Most of the FDA-approved therapeutic monoclonal antibodies are full-size IgG molecules with a molecular weight of about 150 kDa. A major problem for such large molecules is their poor penetration into tissues (e.g., solid tumors) and poor or absent binding to regions on the surface of some molecules (e.g., on the HIV envelope glycoprotein) which are fully accessible only by molecules of smaller size. Therefore, much work especially during the last decade has been aimed at developing novel scaffolds of much smaller size and high stability. Immunoglobulin-based scaffolds including Fab (~50 kD), ScFv (~30 kD), and VH domain (termed domain antibody, dAb) (~15 kD) have been well established. Recently, a new scaffold based on human IgG1 CH2 domain (~15 kD) was also proposed (termed nanoantibody, nAb). Binders based on a CH2 scaffold could also confer some effector functions. Here, we describe the design, expression, purification, and characterization of engineered CH2 and VH domains.

1. Introduction

Monoclonal antibodies (mAbs) with high affinity and specificity are now well-established therapeutics and invaluable tools for biological research. It appears that their use will continue to expand in both targets and disease indications. However, because of the fundamental problem for full-size mAbs, a large amount of work has been aimed at developing small-size binders with scaffolds based on various highly stable human and nonhuman molecules during the last decade (1–8). A promising direction is the development of binders based on the heavy or light chain variable region of an antibody; these fragments with size ranging from 11 to 15 kDa were called “domain antibodies” or “dAbs” (7, 9). A unique kind of antibodies composed only of heavy chains (designated HCAbs) (10) are naturally formed in camels, dromedaries and llamas, and their variable regions (referred to as V_HH) can also recognize antigens as single domain fragments (11). Not only is the overall size of the dAbs much smaller than that of full-size antibodies but also their paratopes are concentrated over a smaller area so that the dAbs provide the capability of interacting with novel epitopes that are inaccessible to conventional antibodies or antibody fragments with paired light and heavy chain variable domains.

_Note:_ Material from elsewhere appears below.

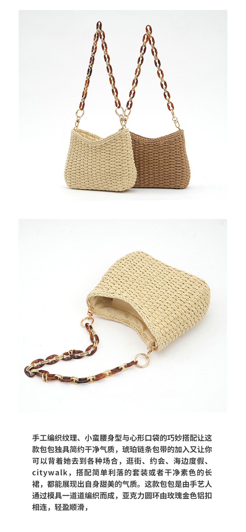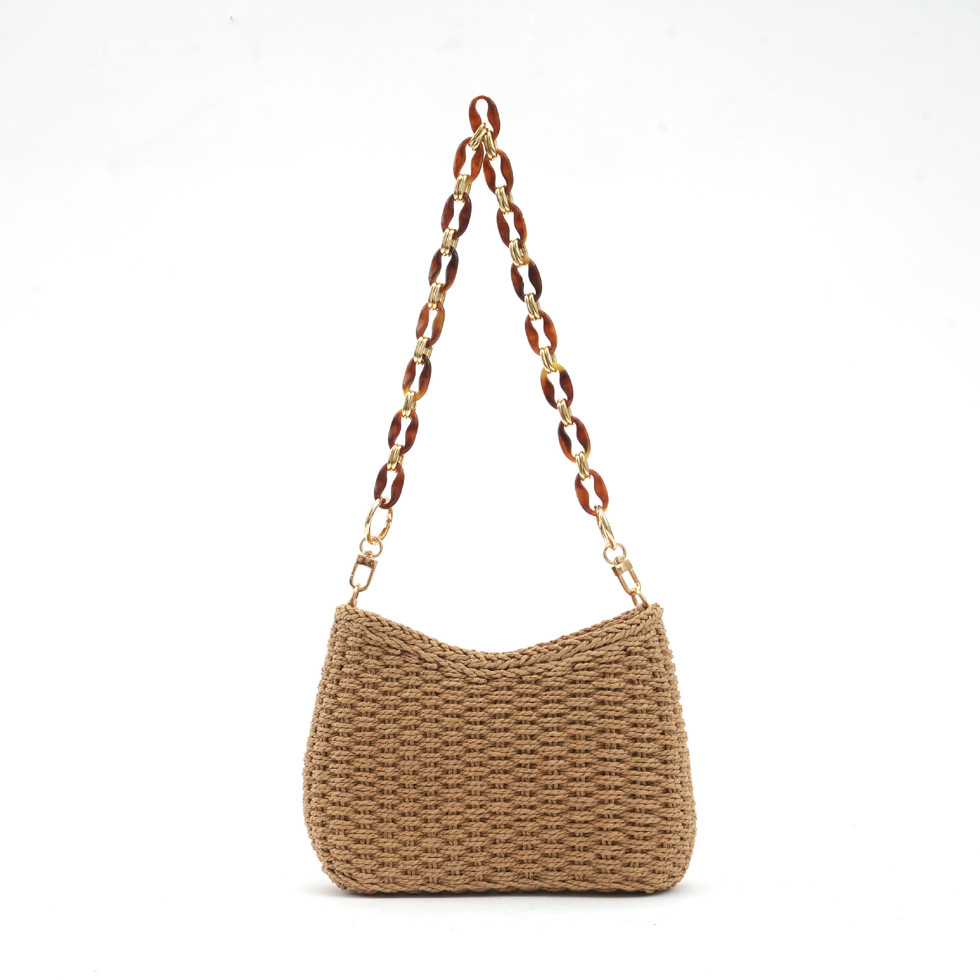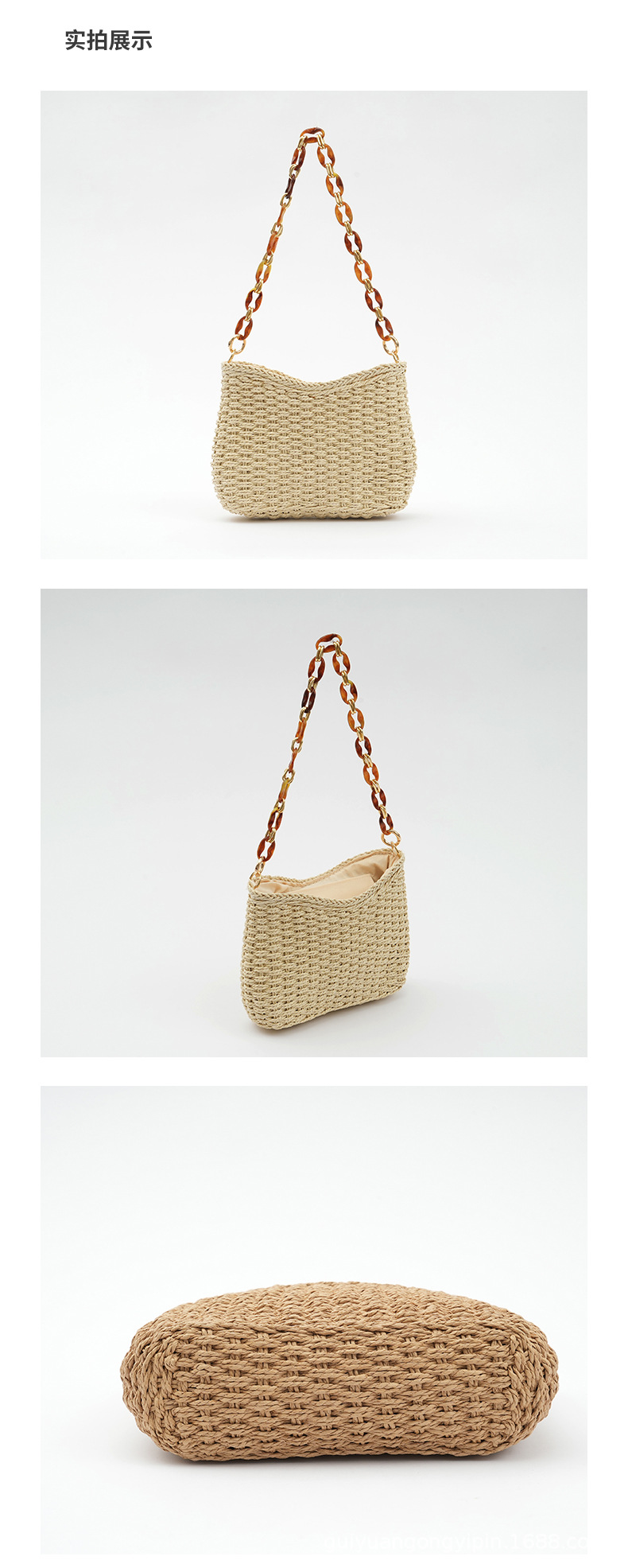 손으로 짠 체인 숄더백 여유로운 느낌의 밀짚 가방 여름 해변 휴가 비치백 출퇴근용 여성 숄더백

The structure of the antibody constant domains is similar to that of the variable domains consisting of β strands connected mostly with loops or short helices. The second domain of the α, δ, and γ heavy chain constant regions, CH2, is unique in that it exhibits very weak carbohydrate-mediated interchain protein–protein interactions in contrast to the extensive interchain interactions that occur between other domains. The expression of murine and human CH2 in bacteria which does not support glycosylation results in a monomeric protein (12, 13). It has been hypothesized that the CH2 domain (CH2 of IgG, IgA and IgD, and CH3 of IgE and IgM) could be used as a scaffold and could offer additional advantages compared to those of the dAbs because it contains binding sites or portions of binding sites conferring effector and stability functions (termed nanoantibodies, Nabs) (14). It was found previously that an isolated murine CH2 was relatively unstable at physiological temperature with a temperature of 50% unfolding (Tm) slightly higher than 37°C, while the Tm value of human CH2 was 54.1°C which was still significantly lower than that of other small scaffolds such as the 10th type III domain of human fibronectin (FN3) (12, 13, 15). The relatively low stability of human CH2 increases the probability of protein aggregation or degradation when it is engineered for binding to antigens and mediating effector functions. Therefore, further improvement of stability of the CH2 scaffold is important.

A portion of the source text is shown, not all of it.